Source code for dpest.overview

import yaml
from dpest.functions import *


[docs]
def overview(
    treatment=None,
    overview_file_path=None,
    output_path=None,
    experiment=None,
    suffix=None,
    variables=None,
    variables_classification=None,
    overview_ins_first_line=None,
    mrk="~",
    smk="!",

):
    """
    Creates a ``PEST instruction file (.INS)``. This instruction file contains
    directions for PEST to read the simulated values from the ``OVERVIEW.OUT``
    file and compare them with the corresponding observed values (originally
    entered in the DSSAT "A file"). The ``PEST instruction file (.INS)`` guides
    PEST in extracting specific model-generated observations from the
    ``OVERVIEW.OUT`` file, which includes a list of end-of-season crop
    performance metrics, and critical phenological observations used for model
    evaluation. Additionally, this module creates a tuple containing:

    1. A DataFrame with the MEASURED observations from the ``OVERVIEW.OUT``
       file (originally entered in the DSSAT "A file").
    2. The path to the generated ``PEST instruction file (.INS)``.
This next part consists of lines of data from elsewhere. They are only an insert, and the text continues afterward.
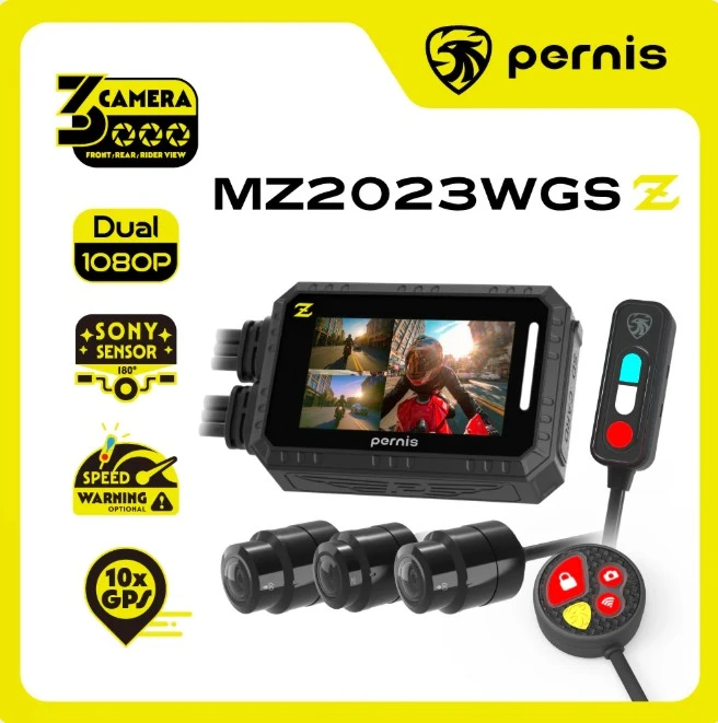 寶麗萊 MZ2023WGS 三錄機車行車記錄器 主打「三鏡頭全向視野」,透過前後雙鏡+180°環視鏡頭,補齊傳統行車記錄器無法涵蓋的左右死角。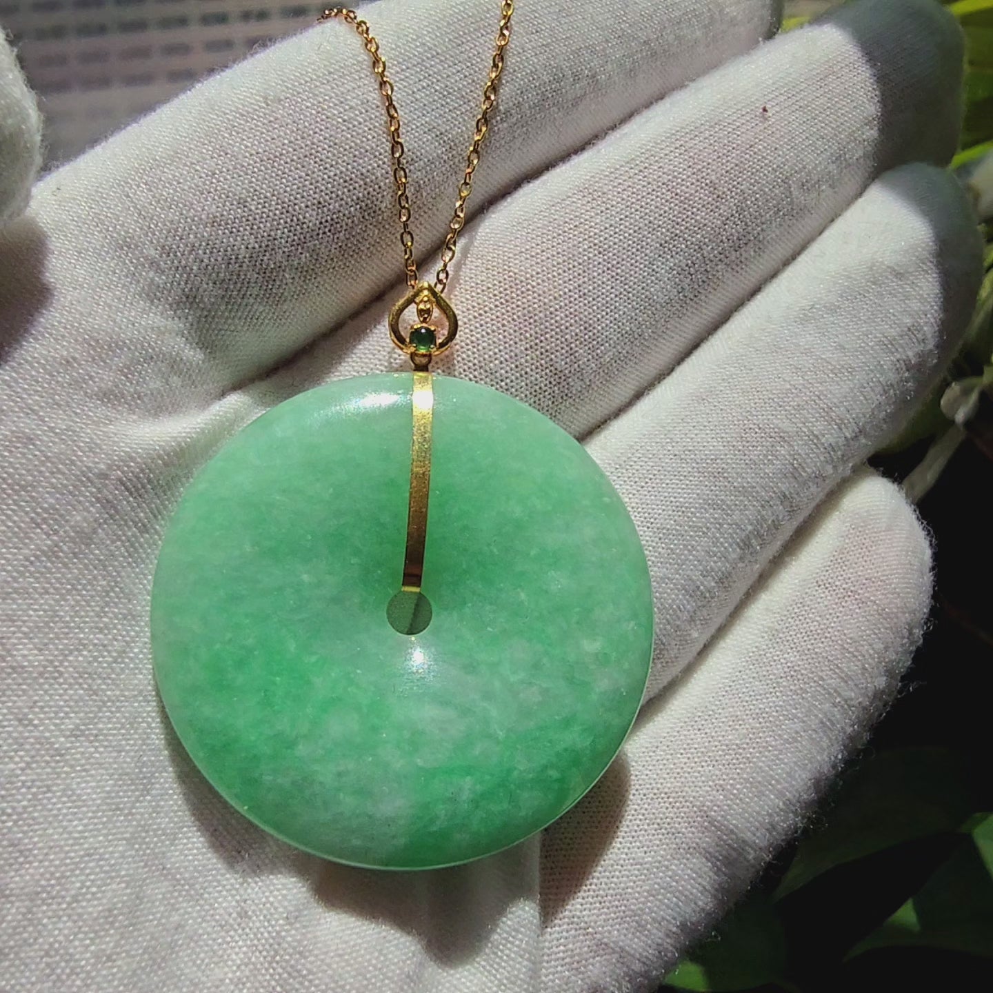 Certified 40mm Cheung's Round Donut Burmese Green A-Jade Jadeite Pendant (with 18K Solid Yellow Gold)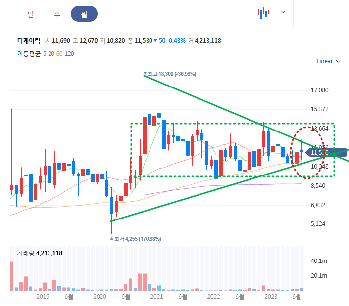 디케이락은 20년에서 21년도로 넘어가는 과정에서 실적이 큰폭으로 증가함에 따라 주가차트도 한 번 크게 시세상승한 이후 연일 초록 박스권에서 시세를 형성하며 옆으로 횡보하였다. 단기적인 수익을 원하는 투자자라면 지루 할 수도 있는 차트이다. 시장 외부적인 충격에 의해 하락하더라도 꾸준히 월봉 60선에서 지지를 받으며 여전히 우상향 추세에 있다.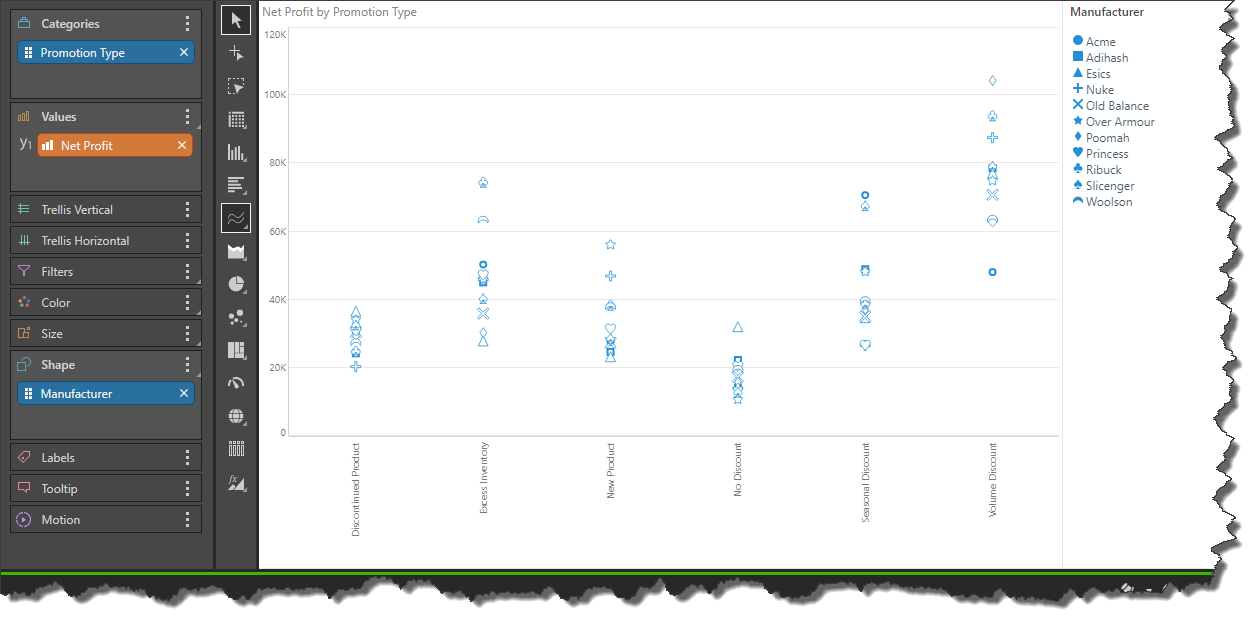 From the shape legend, you can perform series editing to specify which shape should be displayed for a given element. You can also combine the color and shape legends when both display the same measures.

    **Required Arguments:**
    =======

        * **treatment** (*str*): The name of the treatment for which the
          cultivar is being calibrated. This should match exactly the treatment
          name as shown in the DSSAT application interface when an experiment
          is selected. For example, ``"164.0 KG N/HA IRRIG"`` is a treatment of
          the ``SWSW7501WH.WHX`` experiment.
        * **overview_file_path** (*str*): Path to the ``OVERVIEW.OUT`` file to
          read. Usually the file is in ``C:\\DSSAT48\\Wheat\\OVERVIEW.OUT``.

    **Optional Arguments:**
    =======

        * **output_path** (*str*, *default: current working directory*):
          Directory where the generated ``PEST instruction file (.INS)`` will
          be saved.

        * **experiment** (*str*, *optional*):
          Experiment code as shown in the PlantGro.OUT header (e.g. ``"AZMC9311"``).
          When the same treatment name appears in more than one experiment within
          the same OVERVIEW.OUT file, this argument is used to select the correct
          experiment block. If not provided and the treatment is unique in the file,
          the function will use the unique experiment automatically. If the
          treatment appears in multiple experiments and ``experiment`` is not
          specified, it will the variables for that treatment that appear in the last part of the file.

        * **suffix** (*str*, *default: ""*): Suffix to append to the output
          filename and variable names in the .INS file. This short code (e.g.,
          ``TRT1``, ``TRT2``, ``TRT3``) identifies different treatments used
          for calibrating the same cultivar (or ecotype) in the same
          calibration process. It must be 1–4 characters long, containing only
          uppercase letters and/or numbers. For example, if
          ``suffix="TRT1"``, the output file will be named
          ``OVERVIEW_TRT1.ins`` and variable markers will include the suffix
          (e.g., ``!Anthesis_DAP_TRT1!``). This ensures that PEST can
          distinguish between variables from different treatments, as PEST does
          not allow variables with the same name.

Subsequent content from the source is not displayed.